Silver is now at a crossroads, trying to decide what to do with his newfound fame. He’s about to leave Chicago, where he now lives, and move to New York, and he’ll spend the next few months working on a book on prediction markets. FiveThirtyEight still draws traffic, and he’s got an Internet firm selling ads on the site, but he hasn’t figured out where to take his business.

He and his partner Sean Quinn are “trying now to decide whether to pursue venture capital or not,” Silver said in an interview after his talk. “It would be nice to have more structure. The good thing about the site, since it’s just me and Sean, is there’s not a lot of expenses. It’s making money, which not a lot of websites are. Could we make a lot more money by investing a little more money? The answer is probably yes, but we haven’t figured that out yet.”

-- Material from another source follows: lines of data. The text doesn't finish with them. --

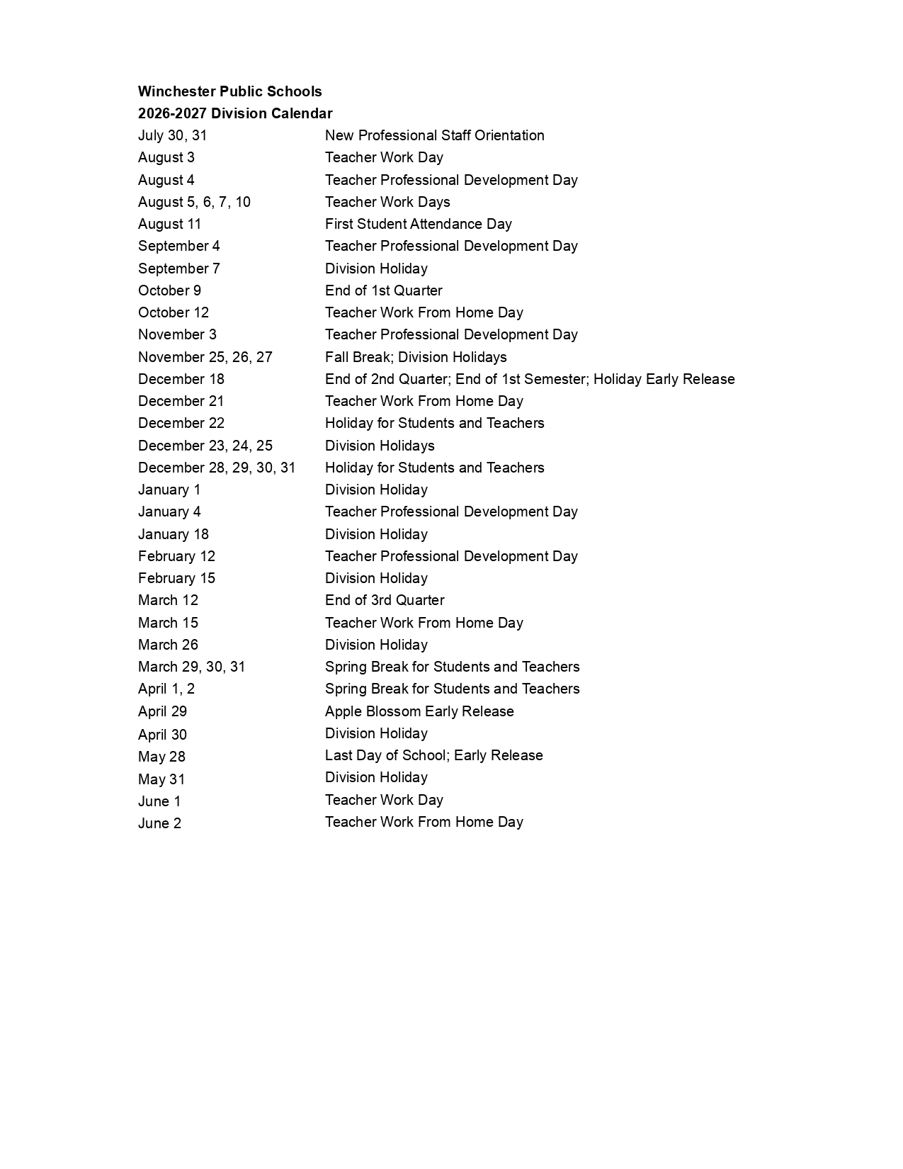 The Winchester Public Schools Calendar is carefully designed to balance instructional time with necessary breaks, ensuring that students and staff have time to rest, celebrate, and reflect throughout the year.
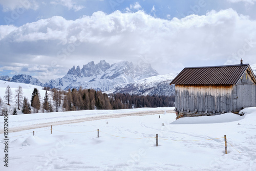 March 2025: winter landscape at Ski Area in Dolomites, Italy - Alpe Lusia. Ski resort in val di Fassa near Moena. Winter Dolomites and blue sky. Aerial view on ski slopes
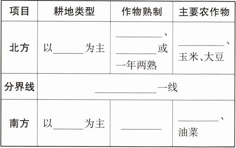 (1)(从左到右,从上到下)旱地 一年一熟 两年三熟 小麦 秦岭—淮河 水田 一年两熟或三熟 水稻
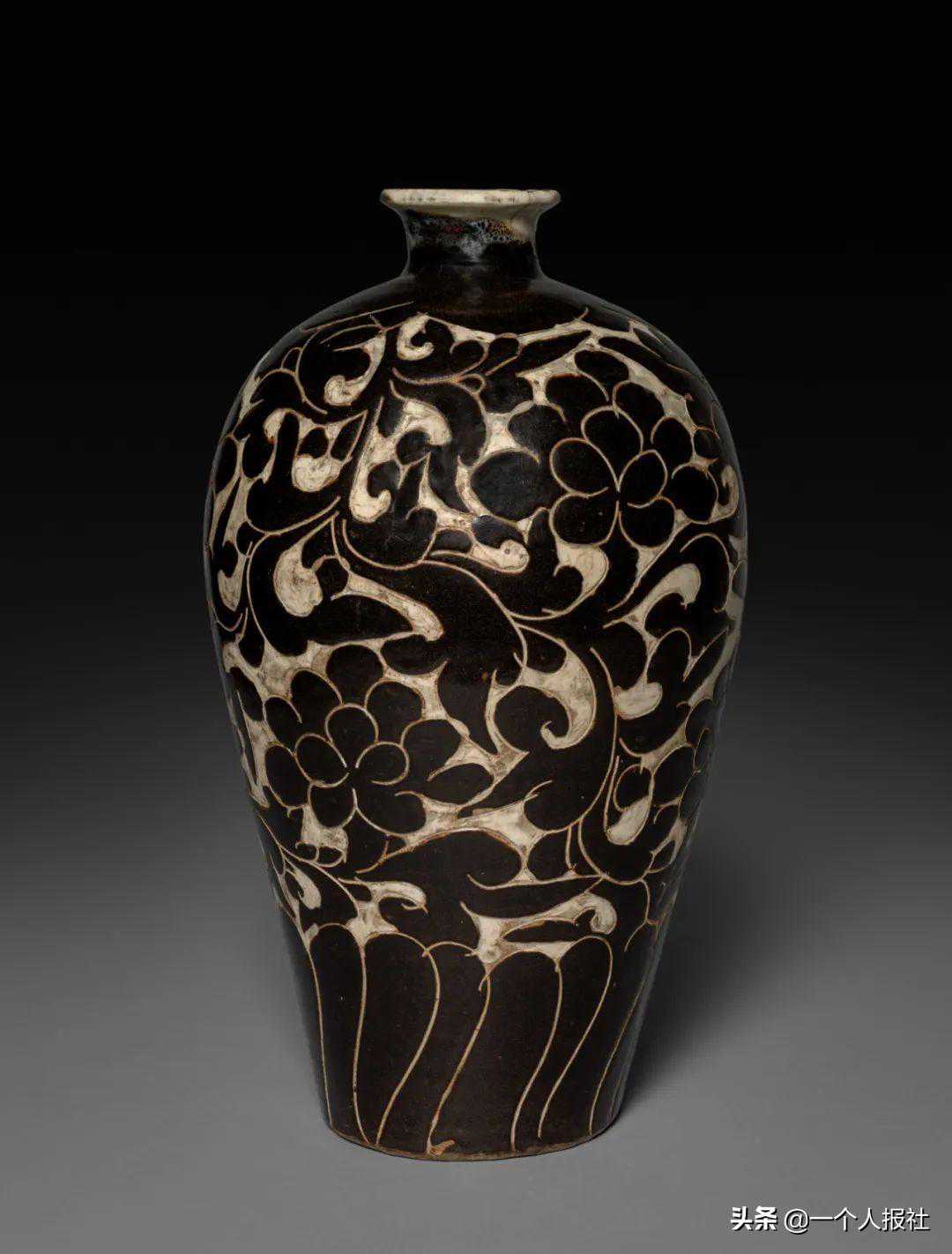 北宋当阳峪窑黑釉铁锈花梅瓶
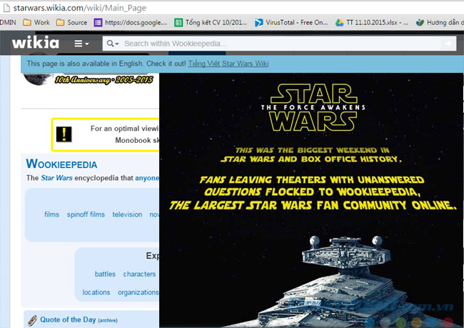 Từ các banner, thông tin về phim, nhân vật, các trận chiến... tất cả đều được các fan hâm mộ cung cấp trên địa chỉ này. Nếu chưa hiểu rõ hay chưa biết thông tin gì? Về ai? Hay thế nào? Thì Star Wars Wikia chính là cuốn từ điển bổ ích nhất bạn có thể tìm được.
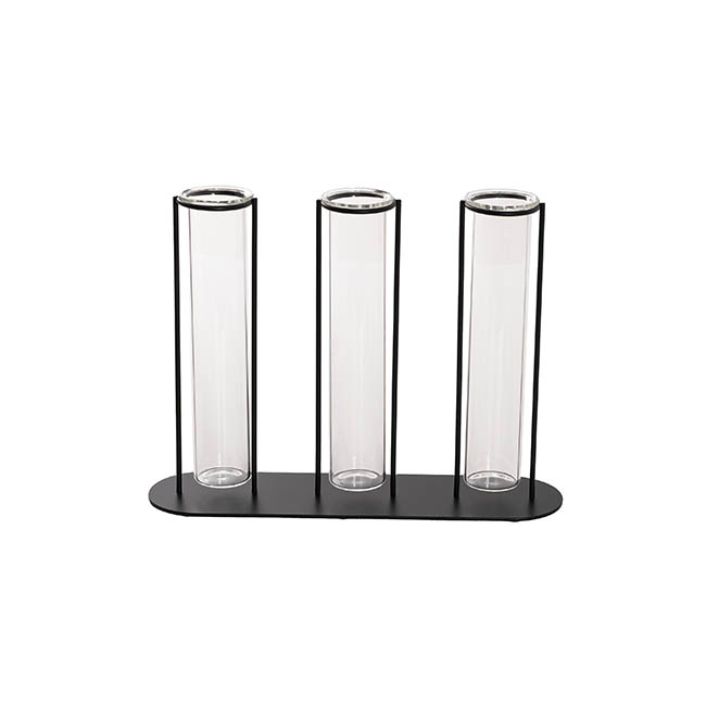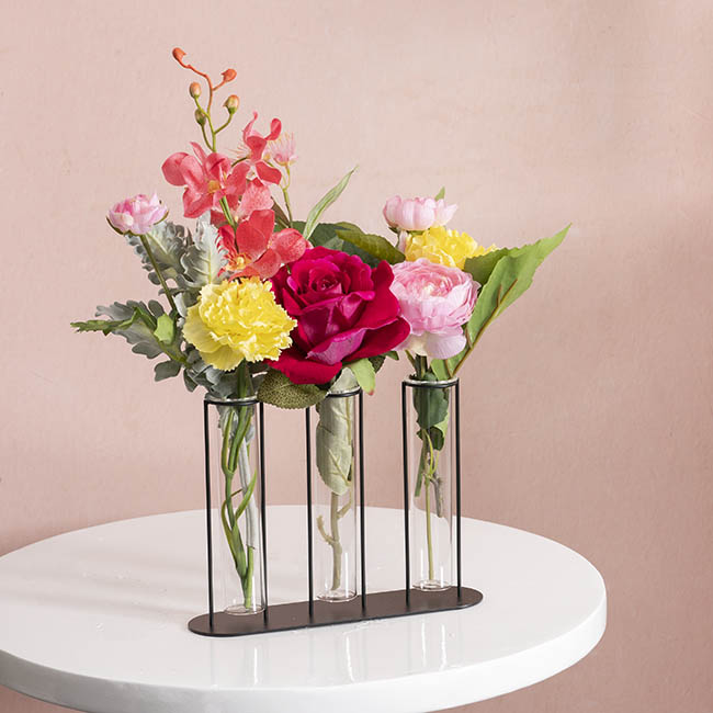 Crafted with precision, the sturdy metal frame provides a stable and elegant structure, while the clear glass tubes create a stunning visual contrast. The open design allows for easy access, making it simple to change water or swap out flowers as needed. Whether placed on a tabletop, shelf, windowsill, or as a low-lying centrepiece on a dinner table, this piece effortlessly blends into contemporary, industrial, or minimalistic interiors.
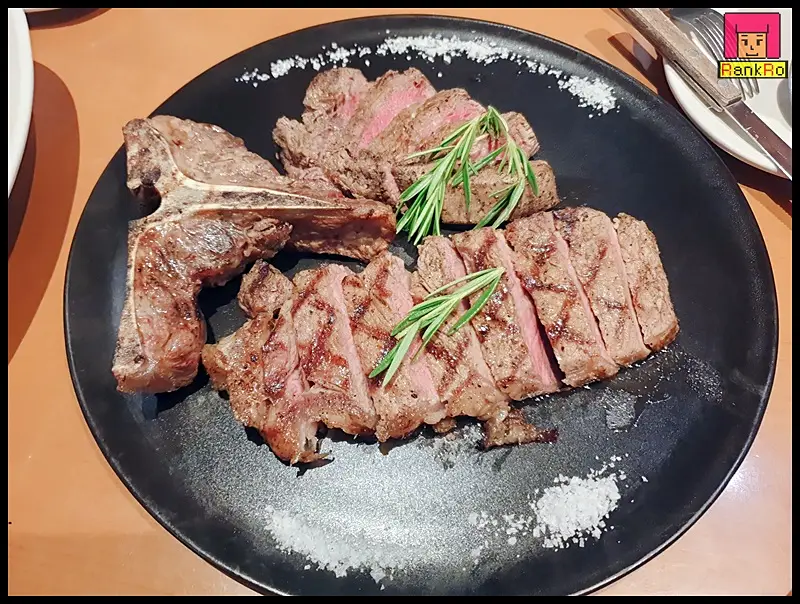 ▼ 오늘의 메인 아웃백스테이크하우스의 퍼펙트본인스테이크 포터하우스스테이크가 나왔어요. 부드러운 안심과 풍미 가득한 등심을 한 번에 즐길 수 있는 아웃백 포터하우스 스테이크입니다.
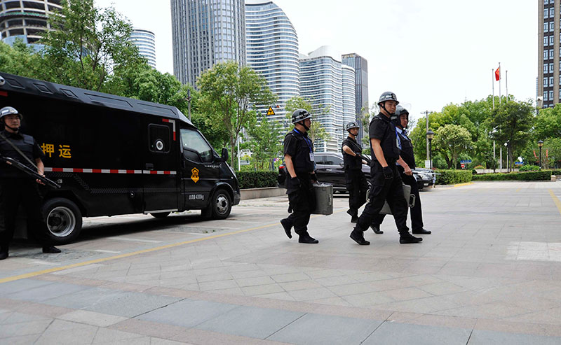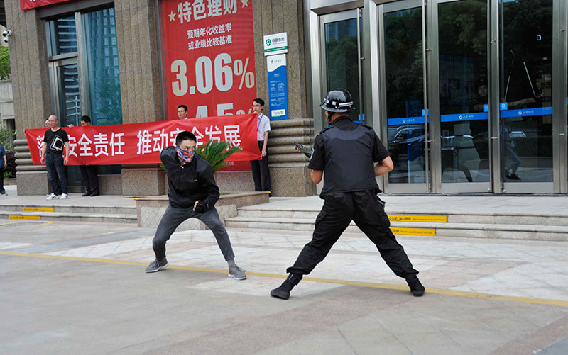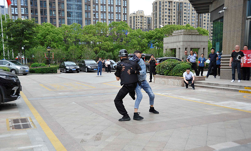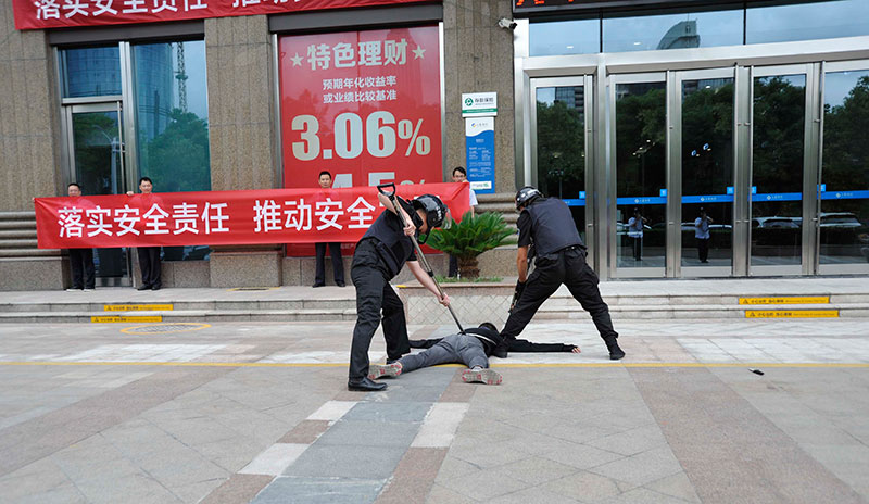 隨著演習(xí)總指揮方俊總經(jīng)理一聲令下,在江蘇銀行南通分行營(yíng)業(yè)廳外,經(jīng)過(guò)偽裝的2名“歹徒”手持兇器實(shí)施暴力搶劫,此時(shí)危機(jī)四伏,情況緊急,只見(jiàn)武裝押運(yùn)人員沉著冷靜、快速反應(yīng),在突發(fā)的緊急危險(xiǎn)情況面前,充分運(yùn)用伸縮警棍和鋼叉與歹徒展開(kāi)搏斗,最終將歹徒一一制服,確保了押運(yùn)任務(wù)的安全完成。演習(xí)過(guò)程中,押運(yùn)人員和營(yíng)業(yè)廳工作人員分工明確,處置情況沉著冷靜,動(dòng)作操作規(guī)范,保護(hù)了人員和款箱的安全。

In the meantime, he’s enjoying the success but trying not to let it go to his head. “To be a very, very minor, eighth-tier celebrity, you realize, ‘Hey, celebrities are just like us,’ ” he said. “I’m still doing basically the same things. I have the same friends and the same bad habits. You still look at the world in the same way.”

“Success makes you less intimidated by things,” he said. “If you want to get anywhere, you can’t be intimidated by success. I’m not going to brag about it either. I’m also conscious of not wanting to be too much of a flash in the pan. You want to keep surprising people and being provocative.”